ECLI:NL:CRVB:2015:1539

Centrale Raad van Beroep

Datum uitspraak
12 mei 2015
Publicatiedatum
19 mei 2015
Zaaknummer
15-1944 BBZ-VV
Instantie
Centrale Raad van Beroep
Type
Uitspraak
Procedures
  • Voorlopige voorziening
Vindplaatsen
  • Rechtspraak.nl
AI samenvatting door LexboostAutomatisch gegenereerd

Afwijzing verzoek om voorlopige voorziening inzake levensvatbaarheid van een onderneming en bijstandsverlening

In deze zaak heeft de Centrale Raad van Beroep op 12 mei 2015 uitspraak gedaan over een verzoek om een voorlopige voorziening van een ondernemer die bijstandsverlening aanvroeg op basis van het Besluit bijstandsverlening zelfstandigen 2004 (Bbz). De verzoeker had eerder een aanvraag ingediend voor algemene bijstand en bijstand ter voorziening in de behoefte aan bedrijfskapitaal. Het college van burgemeester en wethouders van Den Haag had deze aanvraag afgewezen op basis van een advies van het Instituut voor het Midden- en Kleinbedrijf (IMK), dat concludeerde dat het bedrijf van verzoeker niet levensvatbaar was. Verzoeker heeft hiertegen hoger beroep ingesteld en verzocht om een voorlopige voorziening, zodat de voorschotverlening zou worden voortgezet.

De voorzieningenrechter heeft in zijn beoordeling gekeken naar de zorgvuldigheid van het IMK-advies en de argumenten van verzoeker. Hij oordeelde dat er geen aanleiding was om te twijfelen aan de conclusie van het IMK, die niet alleen op de ondernemingskenmerken van verzoeker was gebaseerd, maar ook op een gedegen commerciële en financiële analyse van het bedrijfsplan. De voorzieningenrechter concludeerde dat de aangevallen uitspraak naar verwachting in de bodemprocedure in stand zal blijven, en dat er geen zwaarwegend belang was voor verzoeker om de voorlopige voorziening toe te wijzen. De voorzieningenrechter wees het verzoek om een voorlopige voorziening af, waarmee de afwijzing van de bijstandsaanvraag door het college in stand bleef.

De uitspraak benadrukt het belang van een zorgvuldige beoordeling van de levensvatbaarheid van een onderneming en de rol van deskundige adviezen in het besluitvormingsproces van bijstandsverlenende organen. De voorzieningenrechter heeft ook de financiële situatie van verzoeker in overweging genomen, maar oordeelde dat het college niet kon worden verplicht om de bijstandsverlening voort te zetten, gezien de onwenselijke situatie die zou ontstaan als het verzoek werd toegewezen.

Uitspraak

15/1944 BBZ-VV
Datum uitspraak: 12 mei 2015
Centrale Raad van Beroep
Voorzieningenrechter
Uitspraak op het verzoek om voorlopige voorziening
Partijen:
[Verzoeker] te [woonplaats] (verzoeker)
het college van burgemeester en wethouders van Den Haag (college)
PROCESVERLOOP
Namens verzoeker heeft mr. E. van Sark hoger beroep ingesteld tegen de uitspraak van de rechtbank Den Haag van 3 maart 2015, 14/9122 (aangevallen uitspraak).
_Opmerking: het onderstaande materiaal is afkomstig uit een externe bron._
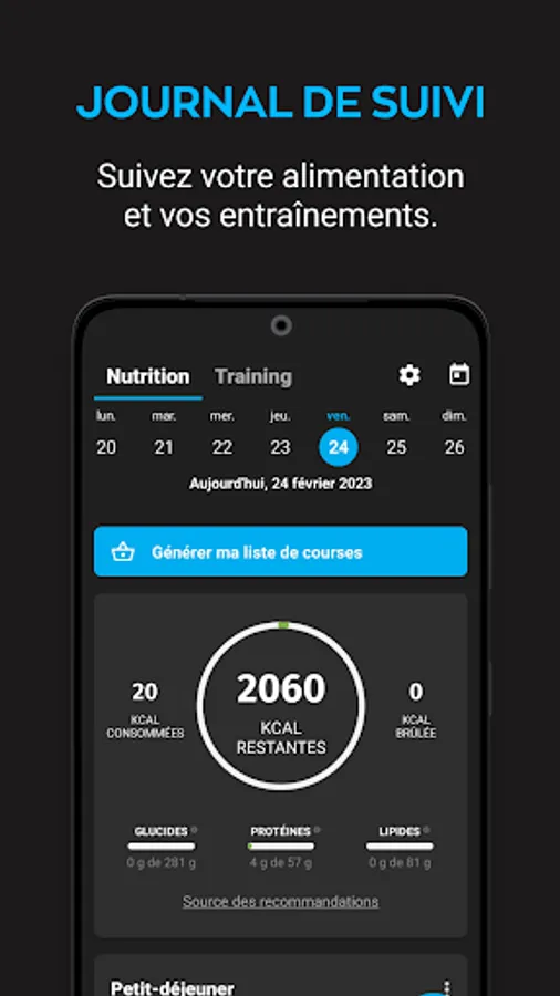 Thanks to the statistics monitoring module, analyze your evolution and your progress over the short, medium and long term (evolution of weight, BMI, calories/carbohydrates/lipids/macronutrients/proteins consumed) allow GymBulk to follow you and challenge yourself to continue your efforts.

Tevens is een verzoek om een voorlopige voorziening gedaan.
Het onderzoek ter zitting heeft plaatsgevonden op 28 april 2015. Verzoeker is verschenen, bijgestaan door mr. Sark. Het college heeft zich laten vertegenwoordigen door
mr. E.H. Buizert.

OVERWEGINGEN

1. De voorzieningenrechter gaat uit van de volgende in dit geding van belang zijnde feiten en omstandigheden.
1.1.
Verzoeker heeft op 15 januari 2014 een aanvraag ingediend om algemene bijstand en bijstand ter voorziening in de behoefte aan bedrijfskapitaal ingevolge het Besluit bijstandverlening zelfstandigen 2004 (Bbz).
1.2.
Op 3 maart 2014 heeft het college het Instituut voor het Midden- en Kleinbedrijf (IMK) verzocht een bedrijfseconomisch onderzoek naar de levensvatbaarheid van het bedrijf van verzoeker in te stellen en hiervan rapport uit te brengen.
1.3.
Op 11 april 2014 heeft het IMK het rapport uitgebracht. Hierin heeft het IMK geconcludeerd dat het bedrijf van verzoeker niet levensvatbaar is. Kort samengevat komt het advies hierop neer. Verzoeker heeft sinds 2011 een eigen bedrijf. De oorzaak van zijn financiële problemen is de bijna volledige afwezigheid van omzet in de opstartjaren van het bedrijf en de noodzaak om het bedrijf nieuwe impulsen te geven zodat de omzet vergroot en een winstgevende exploitatie gerealiseerd kan worden. Hij wil zijn bedrijf een forse, noodzakelijke impuls geven door het grootste springkussen van Europa te exploiteren. De financieringsbehoefte hiervoor is bepaald op € 147.500,-, waarvan een bedrag van € 117.500,- uit het Bbz gefinancierd zou moeten worden. De bedrijfsplannen zijn netjes uitgewerkt, maar een goede onderbouwing van haalbare omzetten ontbreekt. Verzoeker mist cruciale vaardigheden op commercieel en verkooptechnisch gebied. Daarnaast kleven er afbreukrisico’s aan de plannen, waardoor er onzekerheid bestaat over de kansrijkheid van de bedrijfsplannen. Hoewel de taakstellende omzet van € 300.000,- op de lange duur niet onmogelijk is, vormt de weg er naar toe een obstakel. Er zijn te geringe buffers om in de aanloopfase alle verplichtingen te kunnen nakomen, waardoor financieringsproblemen worden voorzien waarvoor geen oplossing aanwezig is. De financierings- en afbreukrisico’s van het bedrijfsplan zijn te groot, waardoor het bedrijf een onzekere toekomst tegemoet gaat.
1.4.
Bij besluit van 8 mei 2014 heeft het college de aanvraag van verzoeker afgewezen op de grond dat het bedrijf van appellant niet levensvatbaar is.
1.5.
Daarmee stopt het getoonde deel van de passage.